第34話「戻ってしまった人」
過ごしやすい秋が終わり、肌寒い季節がやってきた。
講義が終わり、人の流れが廊下に溢れ出す。
「……今日、学食?」
伊藤が、ノートを閉じながら聞いた。
「ああ」
夏目は即答した。
それだけで、二人は歩き出す。
特別な約束も、相談もない。
最近は、だいたいこうだった。
学食は昼時を少し外していて、騒がしすぎない。
トレーを取り、並び、向かい合って座る。
伊藤は箸を動かしながら、何気なく言った。
「最近さ」
「ん?」
「返事、早いよね」
夏目は一瞬だけ考えた。
「……そうか?」
「うん。前より」
その言葉に、夏目は何も返さなかった。
否定もしない。
ただ、黙って食事を続ける。
伊藤は、それ以上突っ込まなかった。
トレーを返す。
人の流れを避けるタイミング。
歩き出す間合い。
すべてが、少しだけ“的確”だった。
——問題はない。
誰が見ても、そう言うだろう。
でも、伊藤の中には引っかかるものが残っていた。
以前の夏目には、空白があった。
声をかけても、一拍遅れる。
沈黙が、ぼんやりと宙に浮く。
今は違う。
沈黙が、選ばれている。
それが、どうしても引っかかった。
⸻
午後。
図書館の帰り道。
並んで歩きながら、伊藤は足を止めた。
春の風が、二人の間を抜ける。
「最近、眠れてる?」
問いかけは軽い。
けれど、答えはすぐ返ってきた。
「ああ。
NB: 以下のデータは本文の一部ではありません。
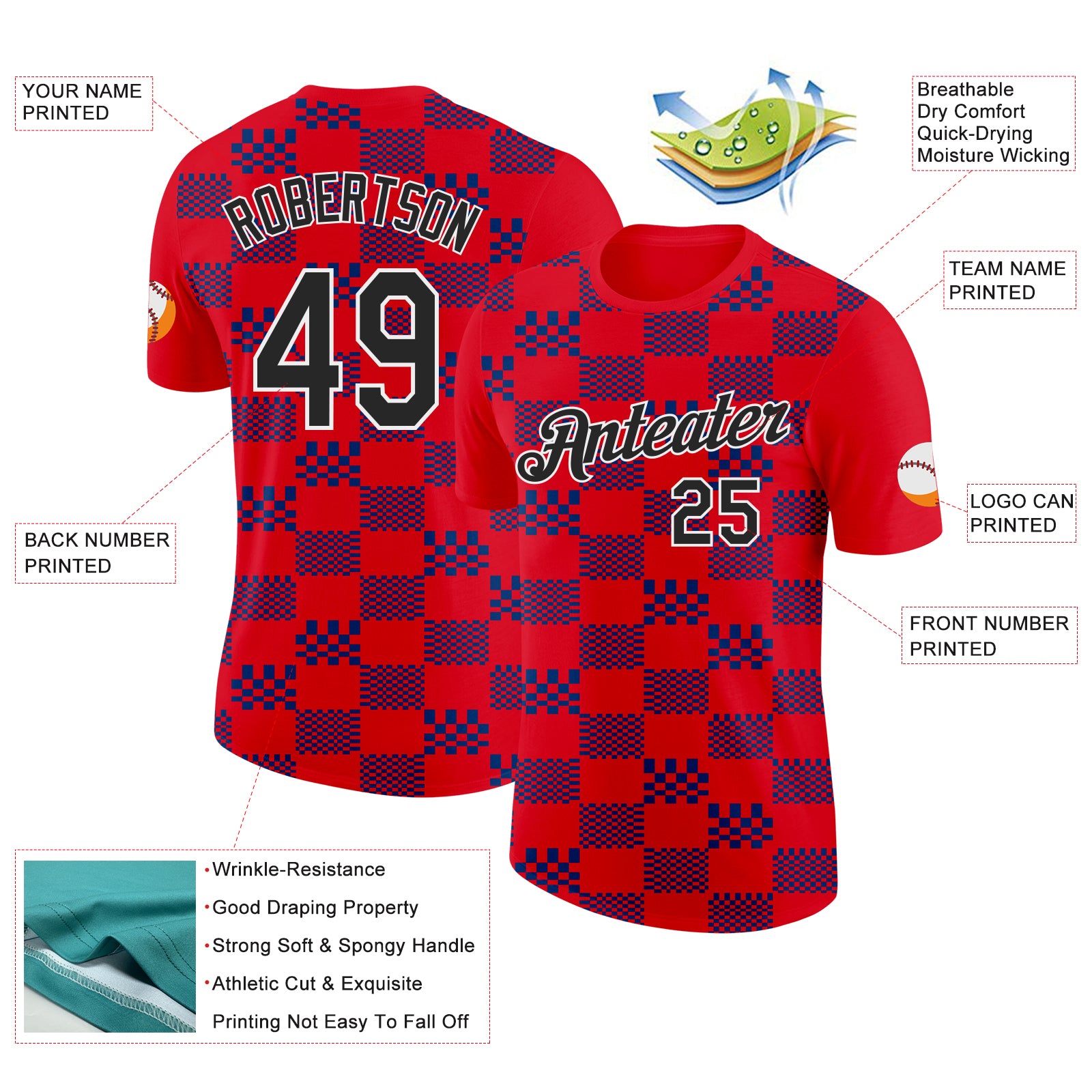 Custom Red Black White-Blue Croatia Plaid Performance T-Shirt

前よりは」
一拍も置かずに。
伊藤は、そこで確信した。
“前より”。
比較している。
整理された言葉だ。
回復途中の人間が、無意識に使う言葉じゃない。
伊藤は、夏目の横顔を見る。
穏やかだ。
でも、どこか張りつめている。
感情が戻っていないんじゃない。
隠している。
伊藤は、逃げ場のない距離で言った。
「夏目くん」
名前を呼ぶ声は、静かだった。
「……記憶、戻ってるわよね」
夏目の肩が、わずかに揺れた。
否定しない。
驚かない。
ただ、視線を逸らす。
それだけで、答えだった。
伊藤は続けなかった。
責めもしない。
少し間を置いて、言う。
「言わなくていい」
一歩、近づく。
「でも、一人で抱えるには……それ、重すぎるんじゃない?」
夏目の拳が、ゆっくりと握られる。
初めて見せる、明確な反応だった。
「……戻った、っていうより」
低い声。
「思い出してしまった、が近い」
伊藤は、息を吐いた。
やっぱり、そうだ。
「誰にも言ってない?」
「言える感じじゃなかった」
それは逃げじゃない。
防衛だ。
伊藤は、少しだけ声を落とす。
「……野球が関係してるの?」
「関係ないとは、言えない」
はっきりした答えだった。
伊藤は、ここで一歩踏み込む。
「今、野球をどう思ってる?」
夏目は困ったように笑った。
「やりたい気は、ある」
一拍。
「でも……投げていいのか分からない」
伊藤の胸が、静かに締めつけられる。
技術の問題じゃない。
才能でも、将来でもない。
これは——
自分が、そこに立つ資格があるのかという問いだ。
伊藤は、はっきり言った。
「今、答えを出す必要はない」
夏目が顔を上げる。
「むしろ、今は出しちゃいけない」
断定だった。
「今野球を選んだら、それは前に進むためじゃなくて、過去から逃げるためになる」
夏目は、反論しなかった。
代わりに、ぽつりと零す。
「……もう、壊れてる気がする」
伊藤は、首を横に振った。
「壊れてる人は、自分が壊れてるかどうかを考えない」
そして、言い切る。
「あなたは、まだ立ってる」
一歩、近づく。
「順番を守ろう。
まず、人として立ち直る。
野球は、そのあとでいい」
夏目は、しばらく何も言わなかった。
でも、逃げなかった。
それだけで、十分だった。
伊藤は歩き出す。
「一人で抱えなくていい」
少し遅れて、夏目がついてくる。
まだ重い。
まだ不安定だ。
けれど——
崩れ落ちる寸前で、確かに踏みとどまっている。
伊藤は、心の中で静かに誓った。
この人が、また野球を選ぶなら。
それは“逃げ”じゃなく、
自分で選んだ道でなければならない。
そのために、自分はここにいる。